Most cancer patients die from metastasis, the dissemination of the primary tumour after cancer cells acquired the ability to migrate. Mesenchymal cancer cell migration is driven by actin filament nucleation at the leading edge of cells, the lamellipodium. They are nucleated into a dendritic array by the Arp2/3 complex which is activated by Scar/WAVE. Lamellipodia rapidly protrude and retract in an oscillatory manner to explore the extracellular matrix controlled by key regulators of Scar/WAVE, NHSL1 and Lamellipodin, which we have identified acting in feedback and feedforward loops. It is unknown how the protein complexes forming these signalling circuits dynamically interact at the nanoscale to form a narrow actin nucleation zone at the very edge of lamellipodia.
You will join our dynamic research teams, which are long-term collaborators. With expertise and supervision from the Ameer-Beg lab, you will modify a unique, existing, fast, live cell fluorescence lifetime microscope (FLIM) (a 1024 beam multifocal FLIM with 40Hz frame rate for single-molecule localisation and image correlation) and develop data analysis to perform and quantify single-molecule localisation FLIM.
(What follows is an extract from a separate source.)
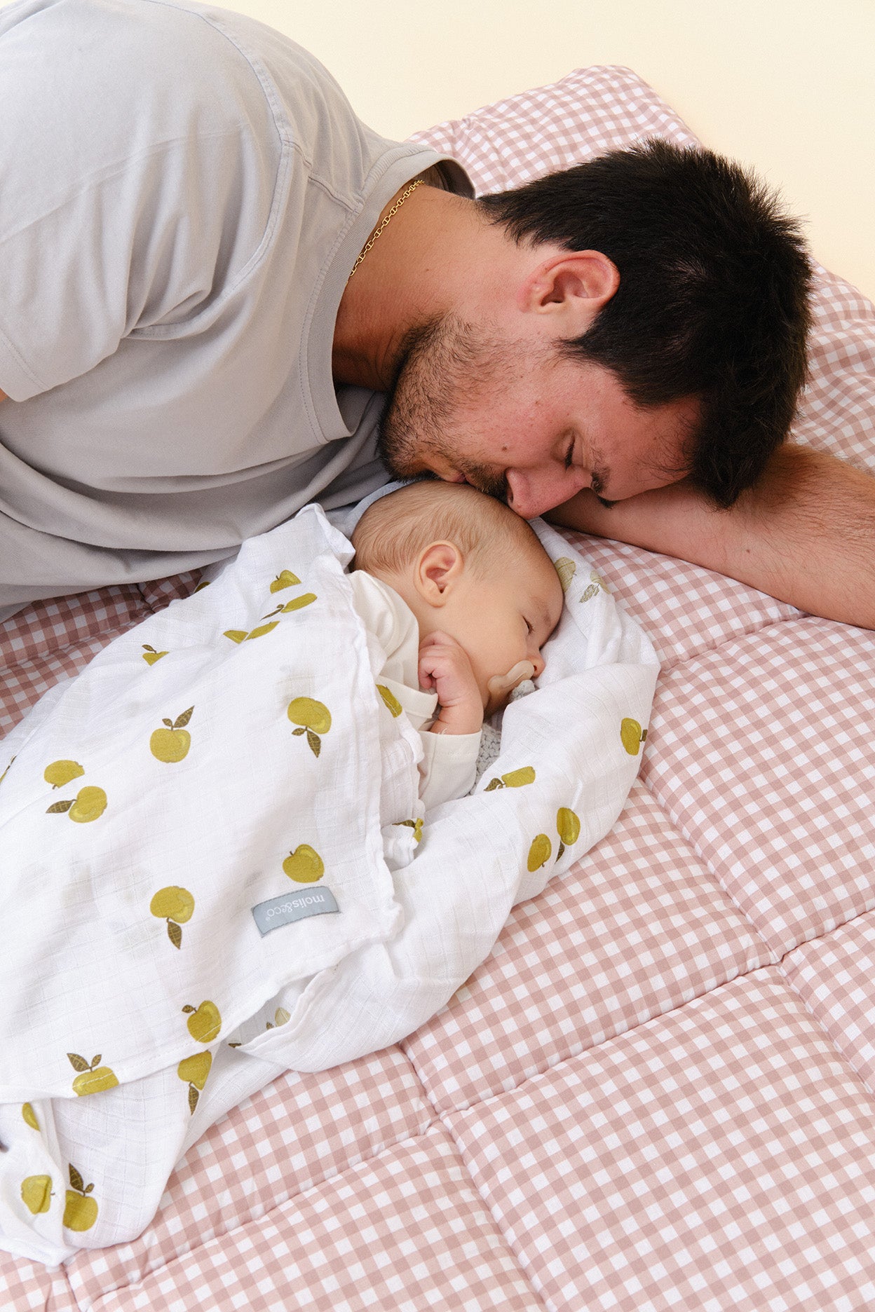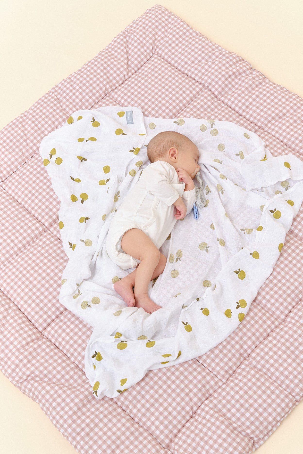 Unsere Decke aus Bambus-Musselin ist extrem weich und leicht. Dank seiner vielseitigen Größe ist er für unzählige Zwecke einsetzbar, sodass Sie ihn immer in der Nähe Ihres Babys tragen können.

With expertise and supervision from the Krause lab you will tune current NHSL1, Lamellipodin probes, and our ARP2/3 complex biosensors and develop novel Scar/WAVE biosensors for application in single molecule FLIM for use on this microscope.
Your work will, for the first time, allow the elucidation of the complex lamellipodia feedforward and feedback networks.
In summary, you will contribute to a detailed understanding of nanoscale signalling circuits controlling lamellipodia dynamics driving cancer cell migration.